_Exercise goal_: Below are entries with pictures among them; reproduce exactly, and only, the lines from the one containing "INTI Penang students" down to the one containing "Silver 925 Goldplated", without the pictures.

_Material provided_:
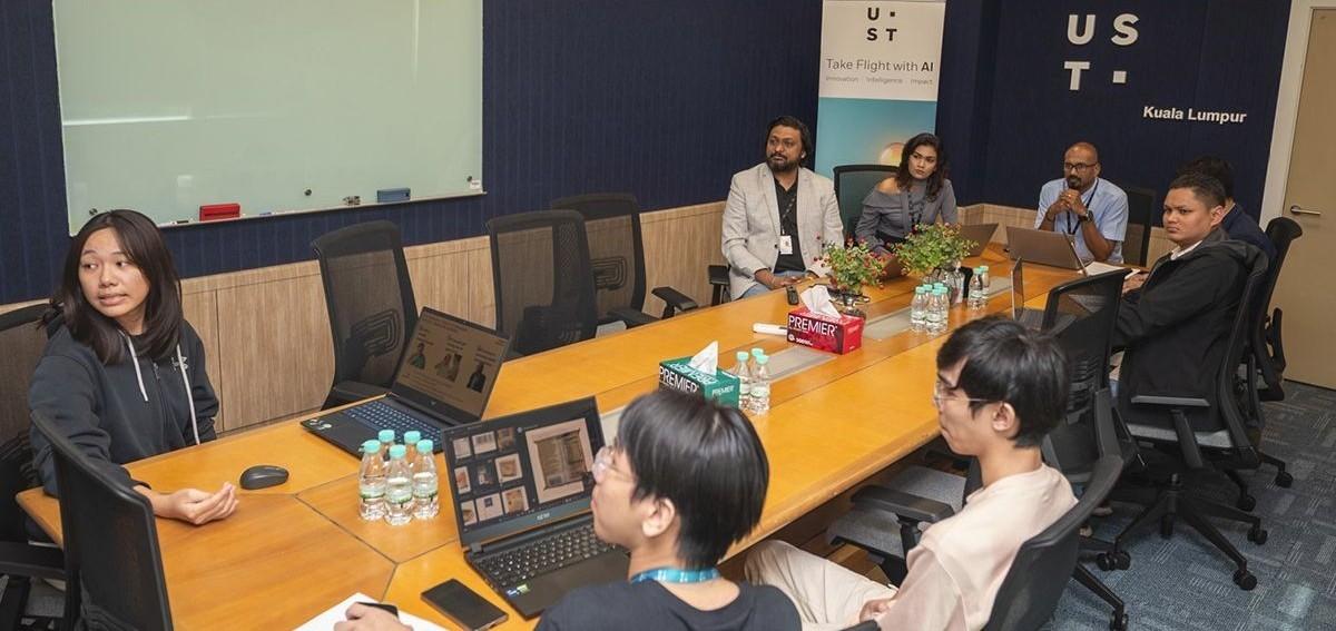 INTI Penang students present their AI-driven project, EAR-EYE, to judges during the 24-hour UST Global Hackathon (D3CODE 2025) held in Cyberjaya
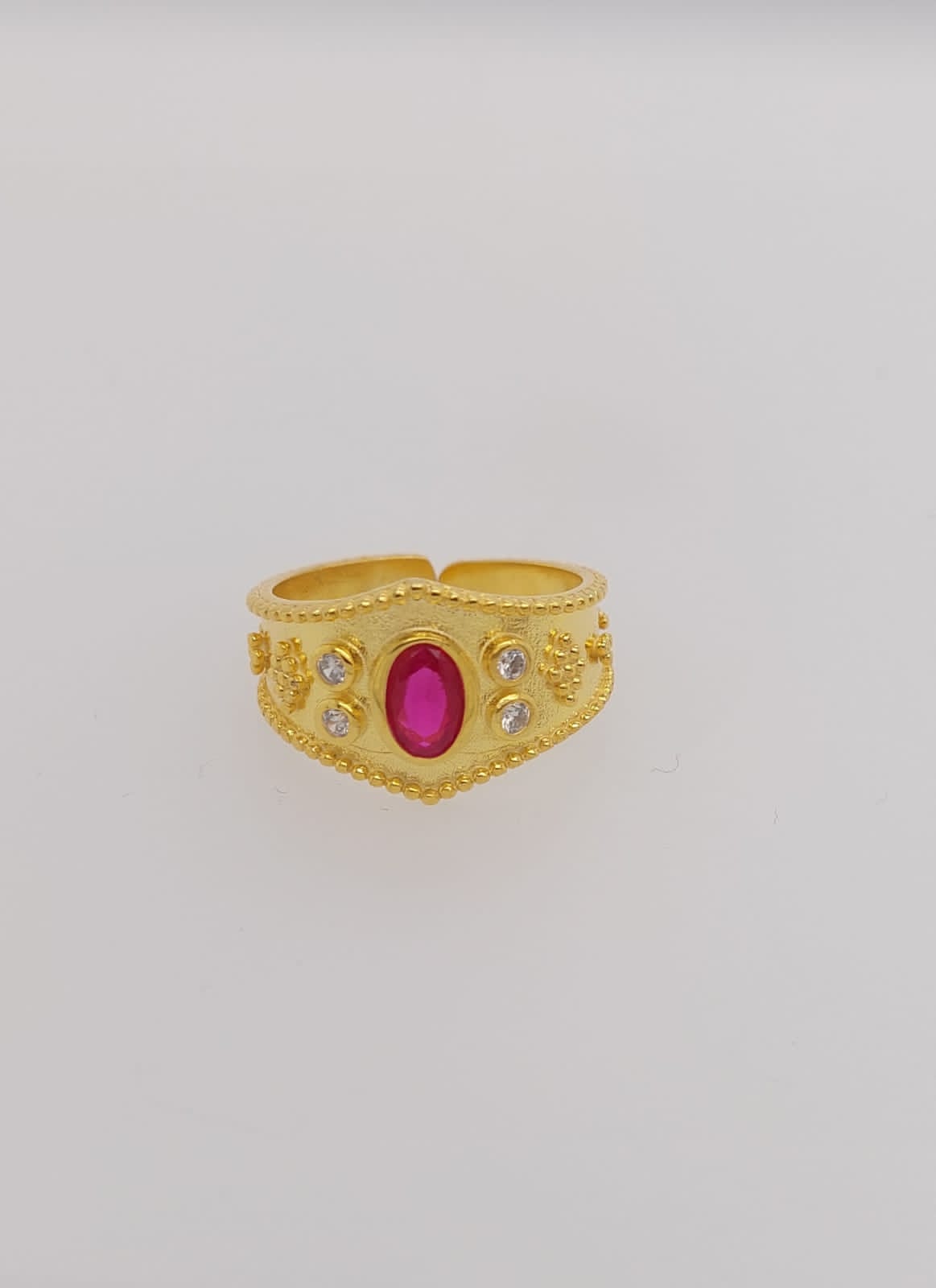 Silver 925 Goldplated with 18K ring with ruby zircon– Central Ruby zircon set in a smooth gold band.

---

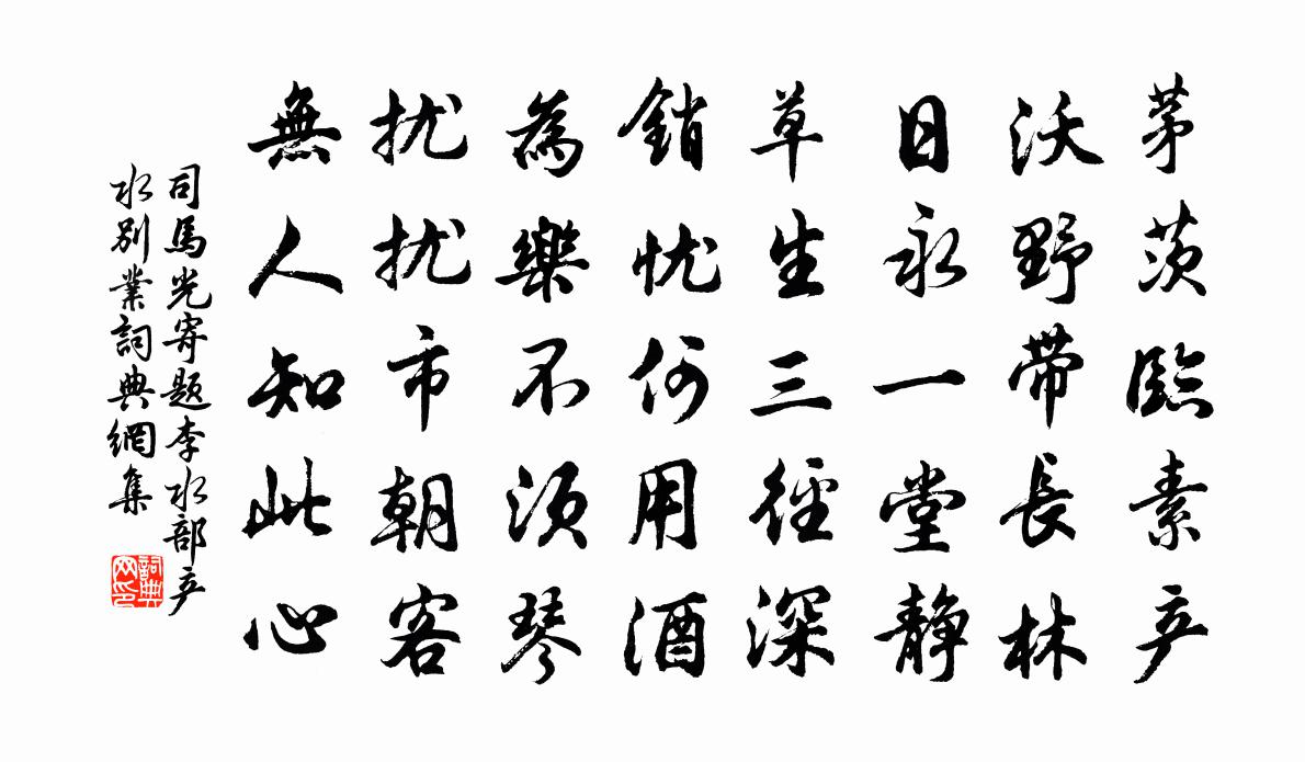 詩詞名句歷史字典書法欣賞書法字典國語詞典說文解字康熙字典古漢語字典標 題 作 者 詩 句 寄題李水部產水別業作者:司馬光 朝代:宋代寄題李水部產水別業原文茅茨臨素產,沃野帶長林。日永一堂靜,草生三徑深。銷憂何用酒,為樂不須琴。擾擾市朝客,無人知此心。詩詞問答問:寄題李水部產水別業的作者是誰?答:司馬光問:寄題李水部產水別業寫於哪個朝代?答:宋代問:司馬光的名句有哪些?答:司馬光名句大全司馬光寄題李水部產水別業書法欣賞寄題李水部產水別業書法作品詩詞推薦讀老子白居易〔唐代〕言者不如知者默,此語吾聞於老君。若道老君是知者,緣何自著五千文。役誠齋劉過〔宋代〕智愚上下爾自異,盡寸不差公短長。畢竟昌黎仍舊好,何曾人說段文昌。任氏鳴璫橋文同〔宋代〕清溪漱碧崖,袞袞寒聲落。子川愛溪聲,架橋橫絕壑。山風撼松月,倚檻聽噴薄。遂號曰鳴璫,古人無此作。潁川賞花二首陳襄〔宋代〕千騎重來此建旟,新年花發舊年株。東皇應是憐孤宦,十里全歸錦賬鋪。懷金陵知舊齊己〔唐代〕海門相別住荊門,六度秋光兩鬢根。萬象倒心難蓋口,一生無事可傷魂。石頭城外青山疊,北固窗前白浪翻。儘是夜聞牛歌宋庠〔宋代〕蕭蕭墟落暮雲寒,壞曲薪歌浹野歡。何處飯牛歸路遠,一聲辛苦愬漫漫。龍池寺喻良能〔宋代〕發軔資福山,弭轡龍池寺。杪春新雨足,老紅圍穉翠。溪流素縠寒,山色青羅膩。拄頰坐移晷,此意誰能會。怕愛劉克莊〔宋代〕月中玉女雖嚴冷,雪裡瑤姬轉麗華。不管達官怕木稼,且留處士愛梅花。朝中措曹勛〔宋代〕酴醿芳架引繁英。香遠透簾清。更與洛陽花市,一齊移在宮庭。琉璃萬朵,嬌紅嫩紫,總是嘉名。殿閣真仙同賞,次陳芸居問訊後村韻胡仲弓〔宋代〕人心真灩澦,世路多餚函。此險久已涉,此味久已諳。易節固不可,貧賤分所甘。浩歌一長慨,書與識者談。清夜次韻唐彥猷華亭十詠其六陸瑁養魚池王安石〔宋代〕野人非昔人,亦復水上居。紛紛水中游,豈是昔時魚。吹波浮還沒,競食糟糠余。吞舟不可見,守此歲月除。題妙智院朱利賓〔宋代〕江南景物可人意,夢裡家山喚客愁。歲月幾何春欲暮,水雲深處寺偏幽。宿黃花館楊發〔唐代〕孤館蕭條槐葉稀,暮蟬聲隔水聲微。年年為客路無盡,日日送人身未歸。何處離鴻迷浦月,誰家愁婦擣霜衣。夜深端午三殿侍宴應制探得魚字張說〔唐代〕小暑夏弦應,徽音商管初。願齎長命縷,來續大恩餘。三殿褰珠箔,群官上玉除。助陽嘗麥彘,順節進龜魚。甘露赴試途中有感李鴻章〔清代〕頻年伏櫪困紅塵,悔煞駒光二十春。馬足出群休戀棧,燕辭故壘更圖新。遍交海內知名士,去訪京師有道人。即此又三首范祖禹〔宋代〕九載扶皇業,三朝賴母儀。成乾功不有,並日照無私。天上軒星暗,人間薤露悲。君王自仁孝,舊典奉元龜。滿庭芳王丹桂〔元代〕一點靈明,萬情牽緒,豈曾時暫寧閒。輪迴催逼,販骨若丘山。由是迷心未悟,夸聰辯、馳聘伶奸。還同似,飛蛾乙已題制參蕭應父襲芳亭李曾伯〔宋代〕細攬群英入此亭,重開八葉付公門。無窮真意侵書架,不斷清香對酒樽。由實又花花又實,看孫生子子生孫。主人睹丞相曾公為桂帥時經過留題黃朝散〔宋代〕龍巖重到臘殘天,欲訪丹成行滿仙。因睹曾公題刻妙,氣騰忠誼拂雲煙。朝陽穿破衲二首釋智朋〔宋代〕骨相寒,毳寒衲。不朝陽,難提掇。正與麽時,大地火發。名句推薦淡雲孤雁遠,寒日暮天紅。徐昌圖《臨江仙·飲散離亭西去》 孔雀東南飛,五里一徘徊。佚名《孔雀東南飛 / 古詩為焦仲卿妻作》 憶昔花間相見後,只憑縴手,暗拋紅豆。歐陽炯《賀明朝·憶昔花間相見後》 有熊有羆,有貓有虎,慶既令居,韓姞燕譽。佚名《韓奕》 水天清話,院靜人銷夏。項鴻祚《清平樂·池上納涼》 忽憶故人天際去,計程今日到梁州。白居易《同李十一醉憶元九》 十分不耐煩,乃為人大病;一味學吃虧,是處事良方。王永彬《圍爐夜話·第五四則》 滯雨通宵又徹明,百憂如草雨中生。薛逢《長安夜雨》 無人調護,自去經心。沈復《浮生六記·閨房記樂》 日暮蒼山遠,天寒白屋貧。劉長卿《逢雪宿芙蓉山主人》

_Answer to this task_:
 INTI Penang students present their AI-driven project, EAR-EYE, to judges during the 24-hour UST Global Hackathon (D3CODE 2025) held in Cyberjaya
 Silver 925 Goldplated with 18K ring with ruby zircon– Central Ruby zircon set in a smooth gold band.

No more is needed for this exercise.